Clone rapidsmpf and install the dependencies in a conda environment:
git clone https://github.com/rapidsai/rapidsmpf.git
cd rapidsmpf
# Choose a environment file that match your system.
mamba env create --name rapidsmpf-dev --file conda/environments/all_cuda-129_arch-x86_64.yaml
# Build
./build.sh
Run the test suite using MPI:
# When using OpenMP, we need to enable CUDA support.
export OMPI_MCA_opal_cuda_support=1
# Run the suite using two MPI processes.
mpirun -np 2 cpp/build/gtests/mpi_tests
# Alternatively
cd cpp/build && ctest -R mpi_tests_2
We can also run the shuffle benchmark. To assign each MPI rank its own GPU, we use a binder script:
# The binder script requires numactl `mamba install numactl`
wget https://raw.githubusercontent.com/LStuber/binding/refs/heads/master/binder.sh
chmod a+x binder.sh
mpirun -np 2 ./binder.sh cpp/build/benchmarks/bench_shuffle
The UCX test suite uses, for convenience, MPI to bootstrap, therefore we need to launch UCX tests with mpirun
. Run the test suite using UCX:
# Run the suite using two processes.
mpirun -np 2 cpp/build/gtests/ucxx_tests
Example of a MPI program that uses the shuffler:
#include <vector>
#include <mpi.h>
#include <unistd.h>
#include <rapidsmpf/buffer/packed_data.hpp>
#include <rapidsmpf/communicator/mpi.hpp>
#include <rapidsmpf/error.hpp>
#include <rapidsmpf/shuffler/partition.hpp>
#include <rapidsmpf/shuffler/shuffler.hpp>
#include "../benchmarks/utils/random_data.hpp"

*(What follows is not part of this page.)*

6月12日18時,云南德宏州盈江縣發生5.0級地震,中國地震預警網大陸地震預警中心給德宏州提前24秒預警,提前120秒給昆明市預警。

// An example of how to use the shuffler.
int main(int argc, char** argv) {
// In this example we use the MPI backed. For convenience, rapidsmpf provides an
// optional MPI-init function that initialize MPI with thread support.
rapidsmpf::mpi::init(&argc, &argv);
// First, we have to create a Communicator, which we will use throughout the example.

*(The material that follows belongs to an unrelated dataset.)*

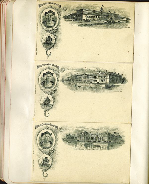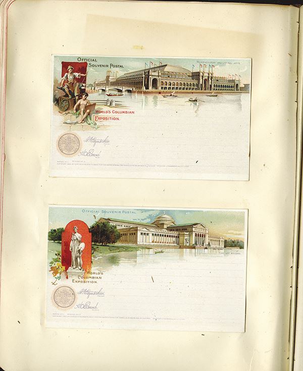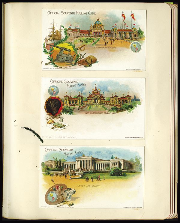 Sample Book of postcards received by or collected by Ernest G. Laubenheimer. Mounted three to a page on most pages, both sides of the page. New Year themes as well as births; scenes of NJ and NH; Official card set of the World's Columbian Exposition, Chicago, 1893 (color and B&W set) and the Pan-American Exposition, Buffalo, 1901; 60 pages, over 150 cards. Most postally used but for the three exposition sets. All have been glue mounted onto the page.

// Notice, if you want to do multiple shuffles concurrently, each shuffle should use
// its own Communicator backed by its own MPI communicator.
std::shared_ptr<rapidsmpf::Communicator> comm =
std::make_shared<rapidsmpf::MPI>(MPI_COMM_WORLD);
// The Communicator provides a logger.
auto& log = comm->logger();
// We will use the same stream and memory resource throughout the example.
rmm::cuda_stream_view stream = cudf::get_default_stream();
rmm::device_async_resource_ref mr = cudf::get_current_device_resource_ref();
// As input data, we use a helper function from the benchmark suite. It creates a
// random cudf table with 2 columns and 100 rows. In this example, each MPI rank
// creates its own local input and we only have one input per rank but each rank
// could take any number of inputs.
cudf::table local_input = random_table(2, 100, 0, 10, stream, mr);
// The total number of inputs equals the number of ranks, in this case.
rapidsmpf::shuffler::PartID const total_num_partitions = comm->nranks();
// We create a new shuffler instance, which represents a single shuffle. It takes
// a Communicator, the total number of partitions, and a "owner function", which
// map partitions to their destination ranks. All ranks must use the same owner
// function, in this example we use the included round-robin owner function.
rapidsmpf::shuffler::Shuffler shuffler(
comm, total_num_partitions, rapidsmpf::shuffler::Shuffler::round_robin, stream, mr
);
// It is our own responsibility to partition and pack (serialize) the input for
// the shuffle. The shuffler only handles raw host and device buffers. However, it
// does provide a convenience function that hash partition a cudf table and packs
// each partition. The result is a mapping of `PartID`, globally unique partition
// identifiers, to their packed partitions.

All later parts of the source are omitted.